The most familiar accompaniment to the voice is the piano, or in earlier days, the guitar or the lute. Putting the voice with larger ensembles runs the risk of drowning the voice in the volume of the other instruments.
One combination that has really been left to 20th-century composers is the voice and string quartet. The colours of the 5 instruments match well and the voice doesn’t get overwhelmed by the strings.
Arnold Schoenberg: String Quartet No. 2, Op. 10
One of the most striking examples of the form was Schoenberg’s 1908 String Quartet No. 2. He started writing in March 1907 and then left it for a year, picking it up again in July 1908 and completing it in September 1908. Schoenberg’s innovation was to add voice to the last two movements. He uses two poems by Stefan Georg, a poet for whom he had a great affinity. Litanei, the first poem is an overjoyed arrival of a traveler at the house of the Lord. The second song, Entrückung (Ecstasy) starts with a line that seems to characterize Schoenberg’s new experiments in music: Ich fühle luft von anderem planeten / I feel the breeze from another planet. The quartet is dedicated to his wife and the two texts emphasize coming to love and happiness through difficulties.
Arnold Schoenberg: String Quartet No. 2, Op. 10 – III. Litanei (Fred Sherry String Quartet)
Arnold Schoenberg: String Quartet No. 2, Op. 10 – IV. Entrückung (Fred Sherry String Quartet)
From Schoenberg’s work, we can get a feeling for the difference that the string quartet provides as accompaniment: it’s darker, deeper, and more expressive than most keyboard performances can give.
Ottorino Respighi: Il tramonto, P. 101
Ottorino Respighi’s 1914 work Il tramonto is set to the words of Percy Shelly’s poem The sunset. The poem is one of doomed love – Isabel’s lover dies unexpectedly and she lives on, seemingly worn away, eventually, by time and care for others, but longing for what she lost.
Ottorino Respighi: Il tramonto, P. 101 (Anne Sofie von Otter, mezzo-soprano; Brodsky Quartet)

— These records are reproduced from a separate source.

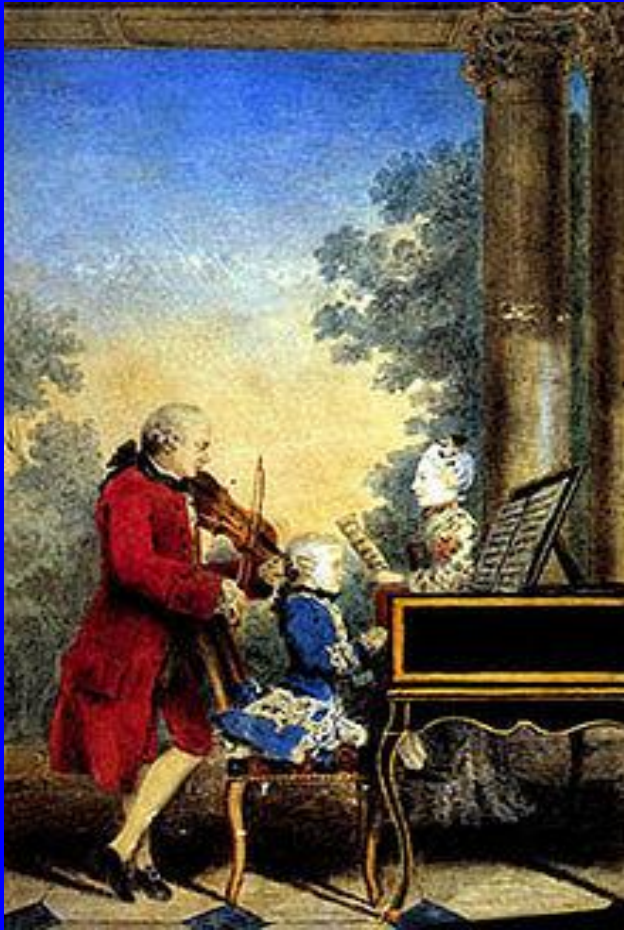
The Mozart family on tour: Leopold, Wolfgang, and Nannerl. Watercolor by Carmontelle, ca. 1763[8]
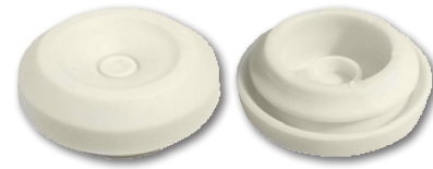
Top and bottom view of a Pierceable Knockout Plug

Pierceable Knockout Plugs are available for the open port in the BAPI-Box Crossover and BAPI-Box 4 Enclosure, as well as the non-threaded ports in the BAPI-Box, BAPI-Box 2 and Junction Box and enclosures. The plugs will also work in panels with a metal thickness of 0.118" or smaller.
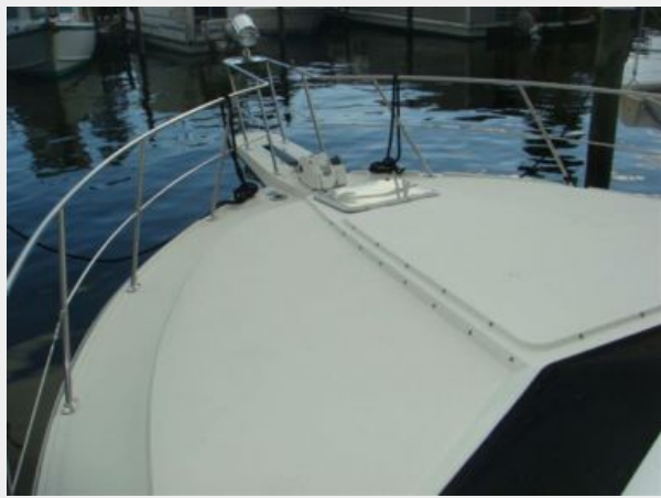
38' Carver foredeck
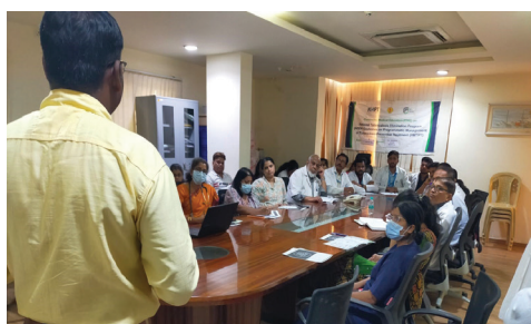
CME training being conducted at Bagalkot

JEET worked in collaboration with the NTEP to organize Continuing Medical Education (CME), programmes for private providers in Bengaluru City, Bengaluru Urban, and Belgaum districts.
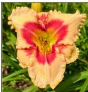
*Naught Fooled Anymore (Abilena Lillian X Carnival Dream)
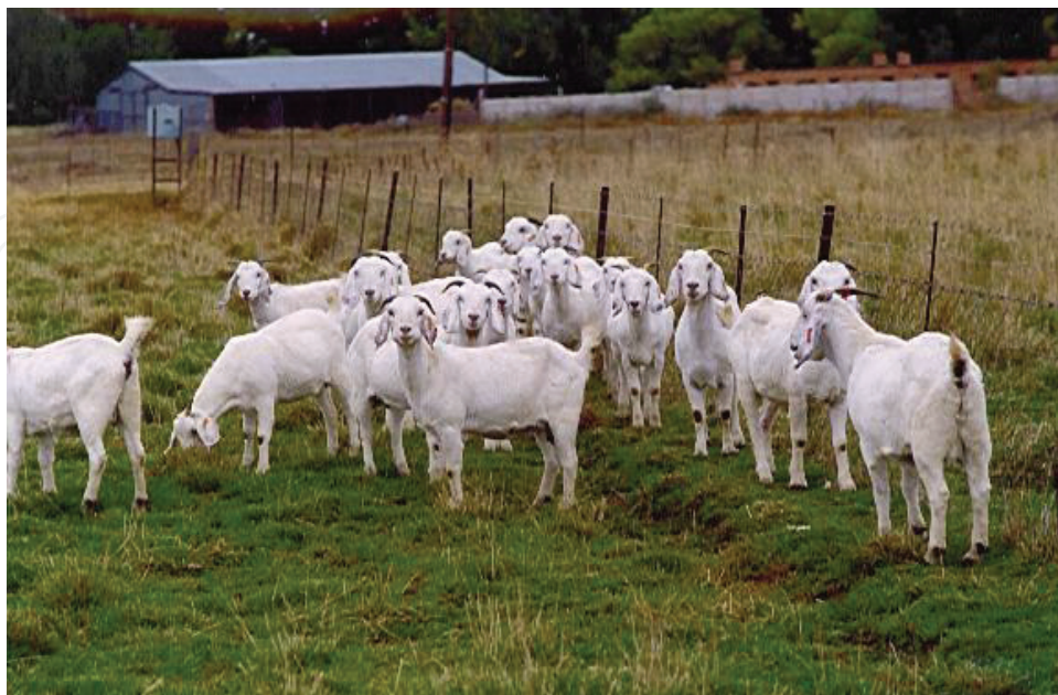
Figure 4. A herd of Savanna goats with primarily white coat color (University of Pretoria).

The indigenous veld-type goats have been subjected to limited selection and are largely unimproved genotypes. They have however contributed to the development of the local meat-type goats such as the Boer goat [4] through crossbreeding. The indigenous types vary in size and
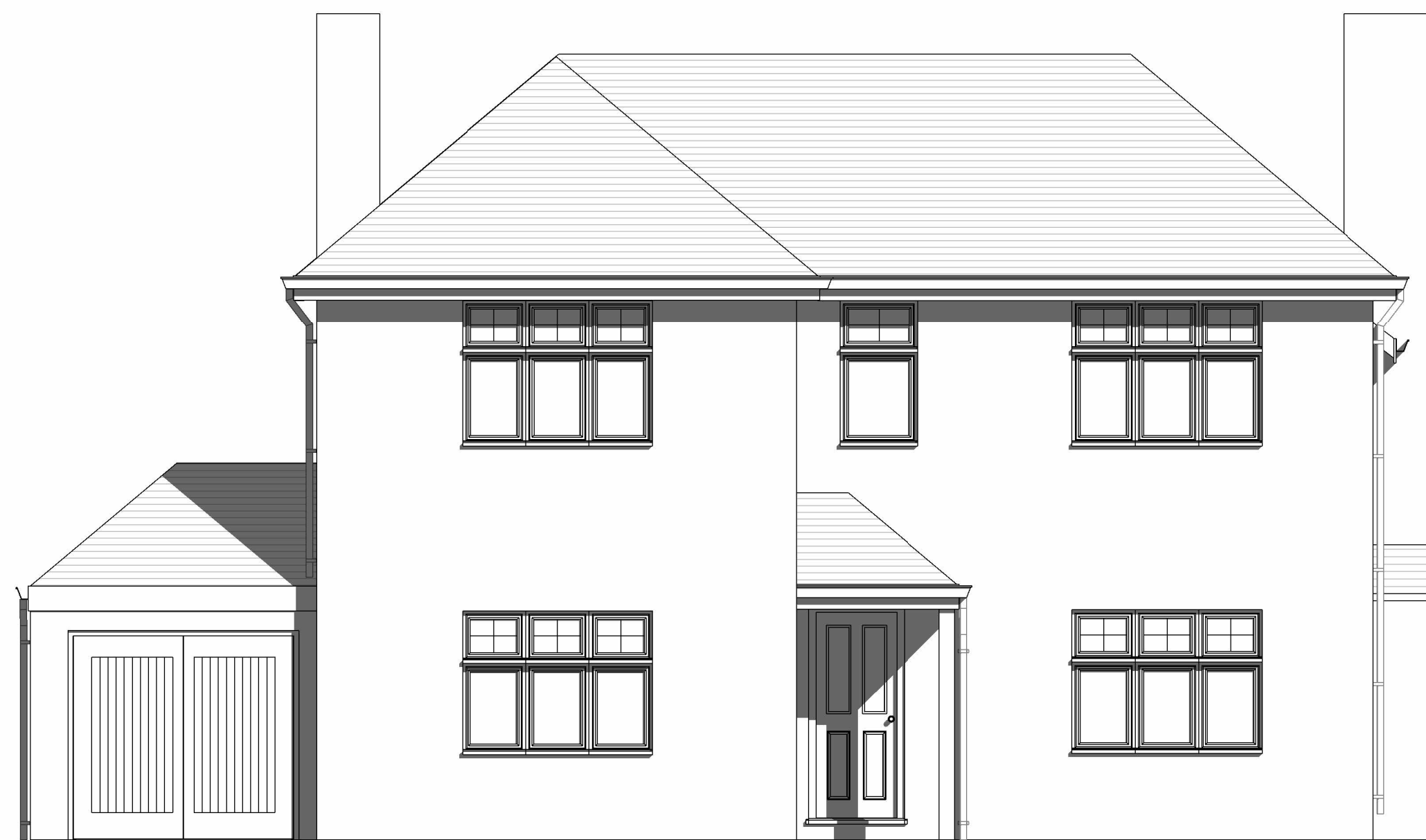
① Existing Front Elevation 1 : 50
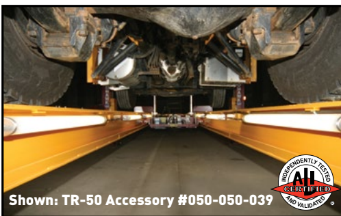
Shown: TR-50 Accessory #050-050-039
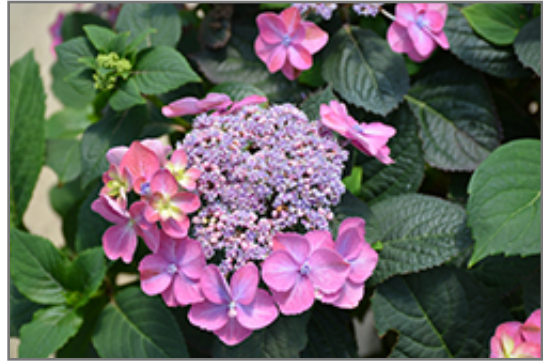
Tuff Stuff Hydrangea flowers

Tuff Stuff Hydrangea makes a fine choice for the outdoor landscape, but it is also well-suited for use in outdoor pots and containers. With its upright habit of growth, it is best suited for use as a 'thriller' in the 'spiller-thriller-filler' container combination; plant it near the center of the pot, surrounded by smaller plants and those that spill over the edges. It is even sizeable enough that it can be grown alone in a suitable container. Note that when grown in a container, it may not perform exactly as indicated on the tag - this is to be expected. Also note that when growing plants in outdoor containers and baskets, they may require more frequent waterings than they would in the yard or garden.
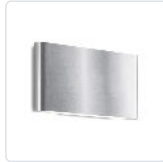
AT68010-BN Brushed Nickel
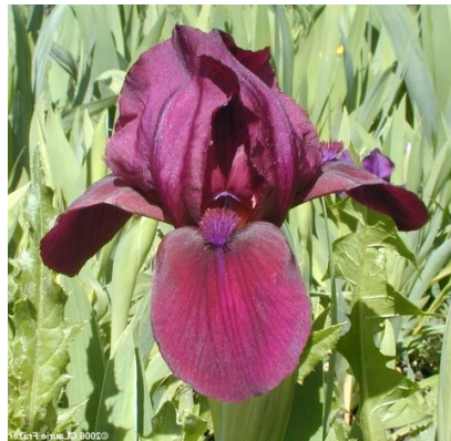
Cherry Garden - B. Jones '66 SDB
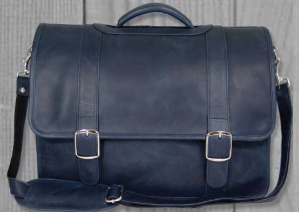
Aristocrat Tech Case #92119 (15"x 3.5"x 12")

Othmar Schoeck: Notturno, Op. 47
Swiss composer Othmar Schoeck (1886–957) wrote his Notturno, Op. 47, in 1931-33, setting poems by Nikolaus Lenau and a fragment by Gottfield Keller. In the 5 movements, Schoeck sets 10 poems in 5 movements: 4-1-1-1-3 per movement; like so many of the works in this small genre, this is a dark work, described as Schoeck’s ‘dark night of the soul’ by one writer.
In the single-poem second movement, Traumegewalten, the poet has awoken from a dream so sad he woke up crying as if coming from a funeral; wicked guests had been in his house as he slept and had left, having taken everything from him ‘…and have emptied the wine on the table.’
Othmar Schoeck: Notturno, Op. 47 – No. 2. Presto (Olaf Bär, baritone; Carmina Quartett)
The genre seems to have flourished in the 20th century and the texts seem to be full of pain and sorrow – again, supported by the sympathetic echo of the strings. We’ll close with a poem by Matthew Arnold, Dover Beach, written around 1851. The poem is obscure and difficult, even to modern analysts, but Arnold creates his own soundscape of the drag of the sea on the shingle beach. Arnold finds that sound of the sea to be an ‘eternal note of sadness’. He looks at history and sees how the formerly bright work is now melancholy. He closes with another look around the deserted beach: ‘And we are here as on a darkling plain | Swept with confused alarms of struggle and flight, | Where ignorant armies clash by night’.
Samuel Barber: Dover Beach, Op. 3
When Samuel Barber (1910–1981) sang this for Ralph Vaughan Williams while playing the string parts on the piano, Vaughan Williams congratulated him, saying that he had tried his own setting several times but hadn’t been able to complete any. Barber wrote this work in 1931 and it is one of the most famous in this very small genre. Barber saw Arnold’s text as having an almost American pessimism, which makes it seem very modern despite being written solidly in the Victorian period.
Samuel Barber: Dover Beach, Op. 3 (Dietrich Fischer-Dieskau, baritone; Juilliard String Quartet)
Barber’s setting has been described as ‘brooding’, as seems to fit with the other works for voice and string quartet that we’ve examined. The dark qualities of the string quartet fit the somber texts chosen for them. Not all of the works for voice and string quartet are so dark – composers such as Peter Warlock and Vivian Fine set Elizabethan texts this way – but for Schoenberg, Respighi, Schoeck, and Barber, the darkness fits perfectly.